Finite-horizon structural induction:
Base: terminal value V_T has property P.
Step: assume V_{t+1} has P.
Show T_t preserves P, so V_t = T_t V_{t+1} has P.
Then derive policy structure from Q_t differences.
Average-cost verification:
Find gain g, bias h, and policy pi.
Show g + h(s) >= r(s,a) + E[h(s') | s,a] for all a.
Show equality for a = pi(s).
Check recurrence/stability/transversality.
Then pi is average-cost optimal.
Indexability route:
Add subsidy lambda for passive action.
For each lambda, characterize passive set P(lambda).
Prove P(lambda) expands monotonically in lambda.
Solve indifference equation for the index.
Verify boundary states and unreachable/tie states.
- If monotonicity fails, check transition stochastic monotonicity and increasing differences.
- If threshold proof fails, inspect whether Q-difference is nonmonotone or has multiple crossings.

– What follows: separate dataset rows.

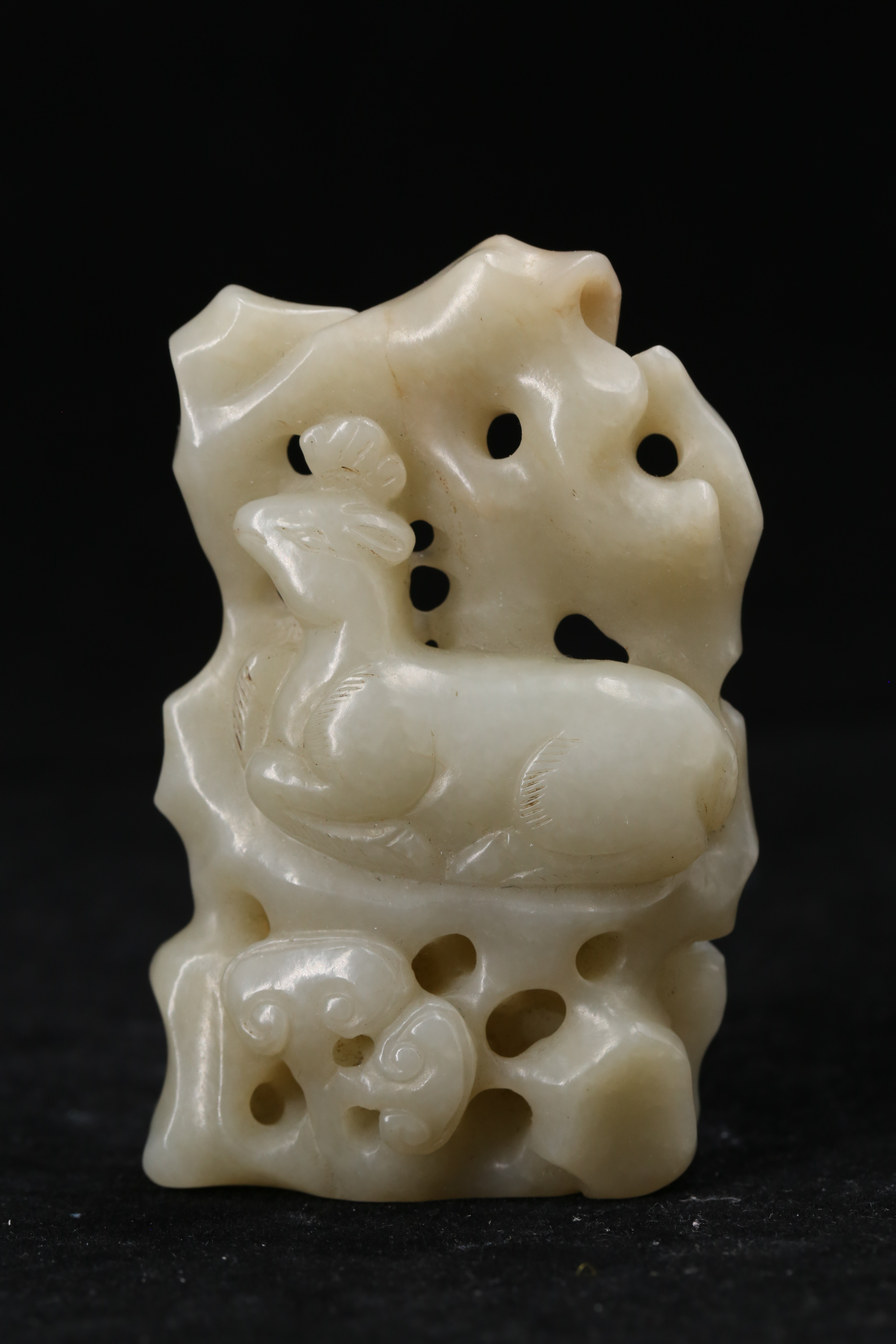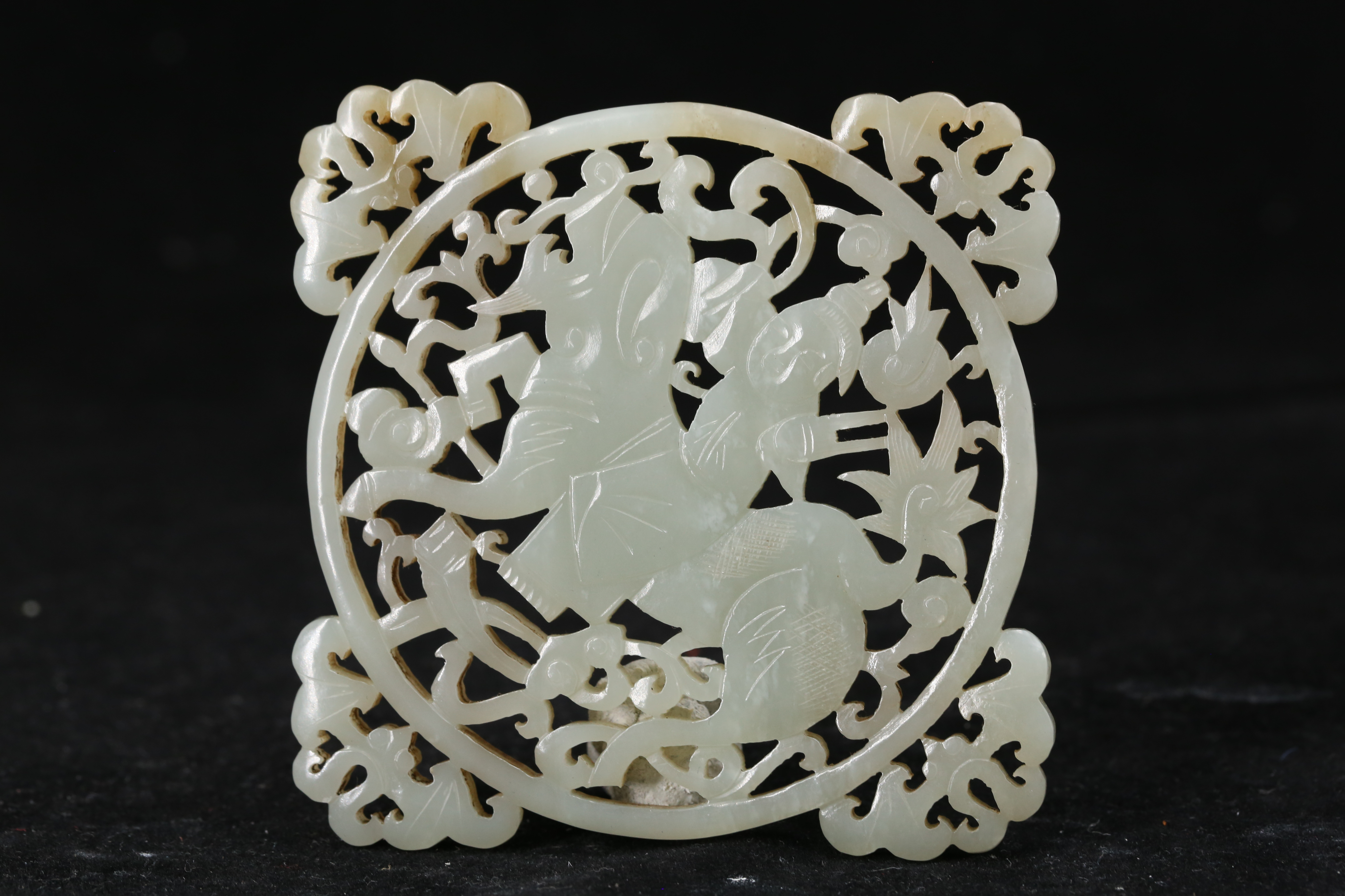 2155 白玉透雕麒麟送子纹出廓蝠纹佩
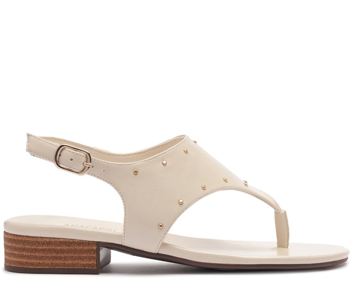 Sandália de salto bloco, com aplicação de tachas, na cor branca. O modelo de material similar ao couro traz biqueira arredondada. De salto em bloco baixo, possui cabedal com tira única e central mais larga na gáspea, com design triangular e que separa os dedos - com aplicação de tachas metálicas imponentes no contorno. Ela segue até a pala abraçando o tornozelo e contorna o calcanhar, com fecho regulável em fivela metálica na lateral. Apresenta palmilha acolchoada no mesmo tom da sandália, com assinatura Anacapri.
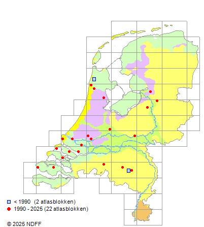 Het aantal atlasblokken (5x5 km) waarin de soort is gemeld binnen een periode van vijf jaar (vanaf 1980) of twintig jaar. Niet gecorrigeerd voor waarnemersinspanning en het aantal doorgegeven waarnemingen kan sterk variëren per periode, dus een trend in verspreiding kan hier niet direct uit worden afgelezen. Het opgegeven jaartal is het eerste jaar van de periode. Bron: gevalideerde waarnemingen uit de NDFF.

- If contraction fails, check discounting, weighted norms, or monotone bounded convergence.
- If FOC proof ignores corners, switch to Bellman inequalities or KKT-style active-action cases.
- If average-cost proof is stuck, first prove stability/recurrence under the candidate policy.
- If continuous state proof is messy, discretize for counterexamples before proving the continuous theorem.